自分の腹ごと突き刺そうとしたのだが、寸でで手が止まる。
吉良の脇腹に、沙希の刀が刺さった。
目視で確認せずとも、背中を貫く刀がわかる。
沙希の気配がすぐ近くにあったので、頭に頬ずりをして、左手で背中を抱きしめる。
体に一瞬力が入ったが、逃げられる前に口を動かす。

 


「よく聞いて。ヒモロギを下ろしたのは、地上に時が無いからだ。」
「どういうこと・・・?」
「シンが目覚める。それは阻止出来ない。でも、未来は決まってなんかいないよ。」
「さっぱりわからないわ。貴方はシンを起こして世界を壊したいって言ってたじゃない。」
「僕が壊したいのは、僕自身だよ。」


沙希を話し肩を押しながら、自分から後ろに下がって刀を抜いていく。
血がどっと溢れだし、慌てて沙希が刀の具現化が解いたが、こちらに足を出した沙希を手で静止させる。

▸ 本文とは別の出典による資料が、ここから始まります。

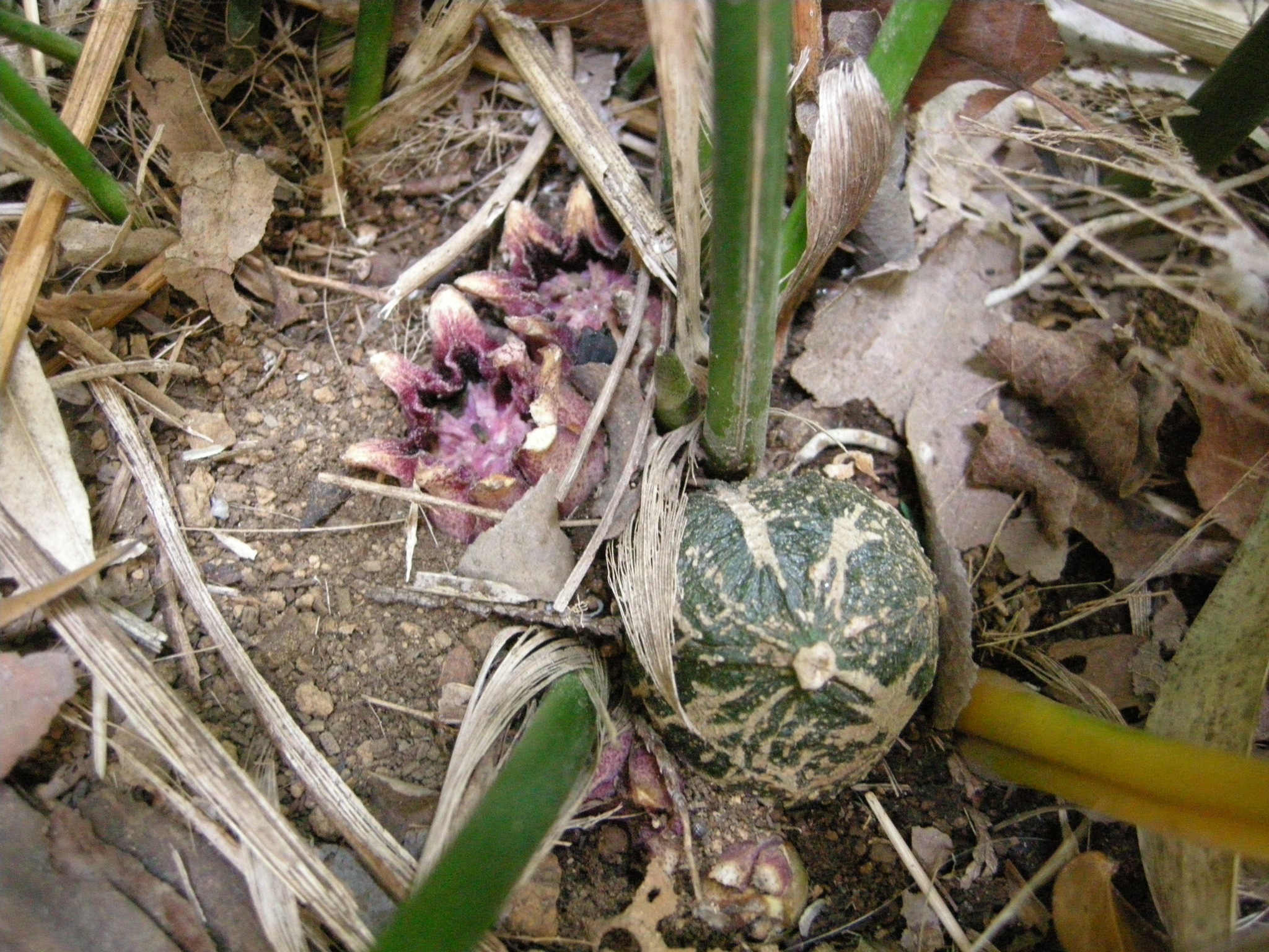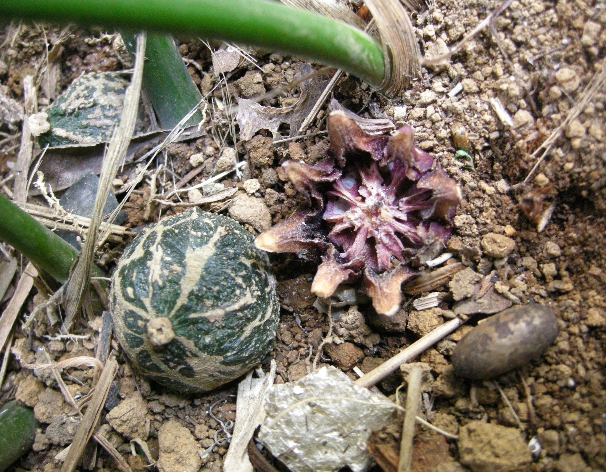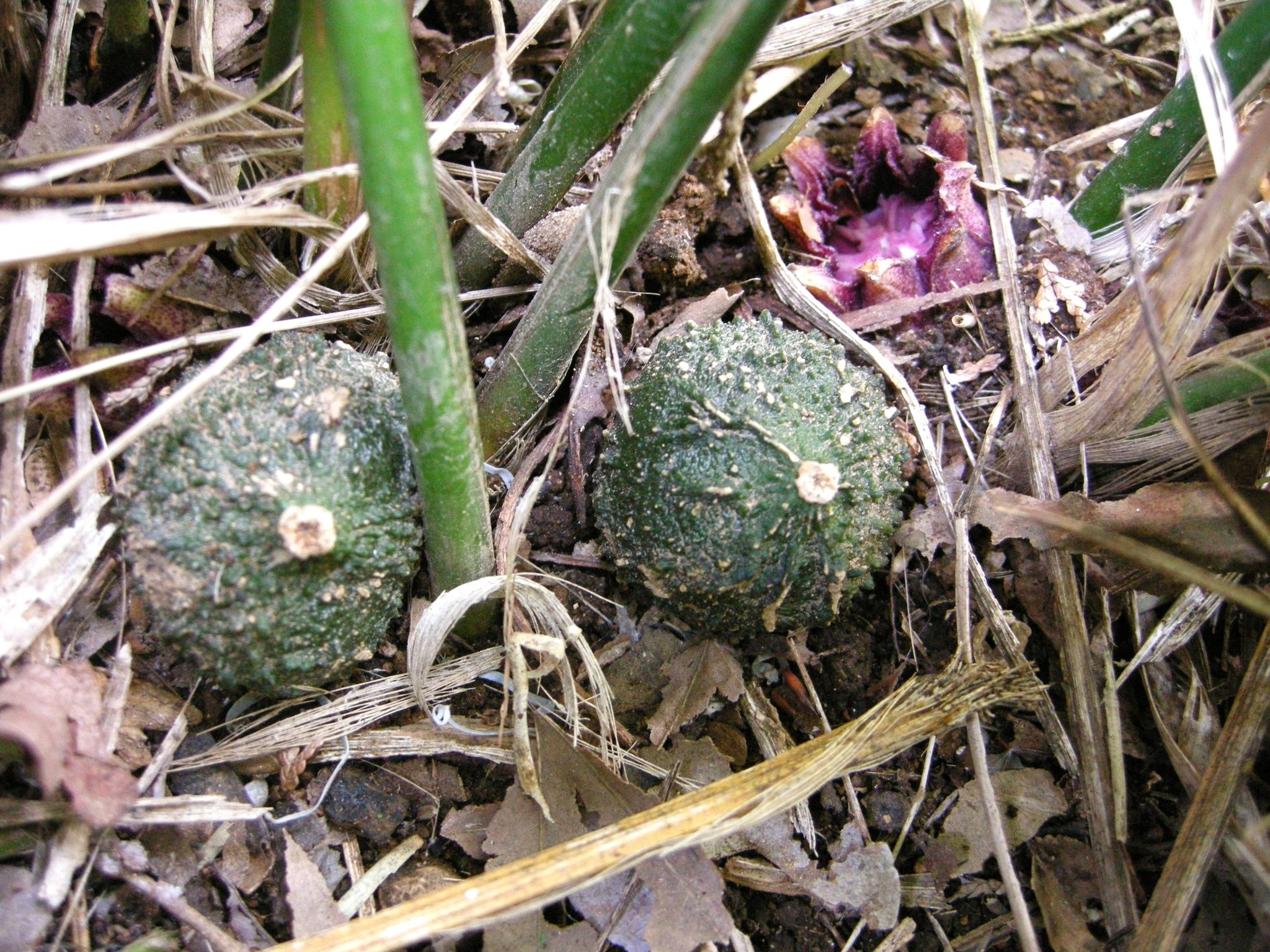 「花が咲くのですか?」「株元に虫の卵みたいなのがあります」などのご質問を頂戴します。株元をかき分けて見て下さい。地面にへばりつくように薄紫色の花が見られるかもしれません。腐敗臭と表現される臭いがあります。この臭いにハエなどが集まって受粉に貢献すると言われています。

「早く彼の元に行った方がいい。今頃接触を企んでいる。君たちには悪いことをしたね。
人間を大分道連れにするけど、魂が至る場所は皆同じなら問題ないさ。勝手な話しに聞こえるだろうけどね。
僕はもうお役ごめんだから、舞台から降りないと。」
「待って、あなた、一体何を知って・・・。」
「さよなら沙希。僕にとって、君は憧れだったよ。」


刀を握ったまま、背を向けて走り出す。背中で何か言われた気がするけど、よく聞こえなかった。
脇腹から血が止めどなく流れるが、気にしている場合では無い。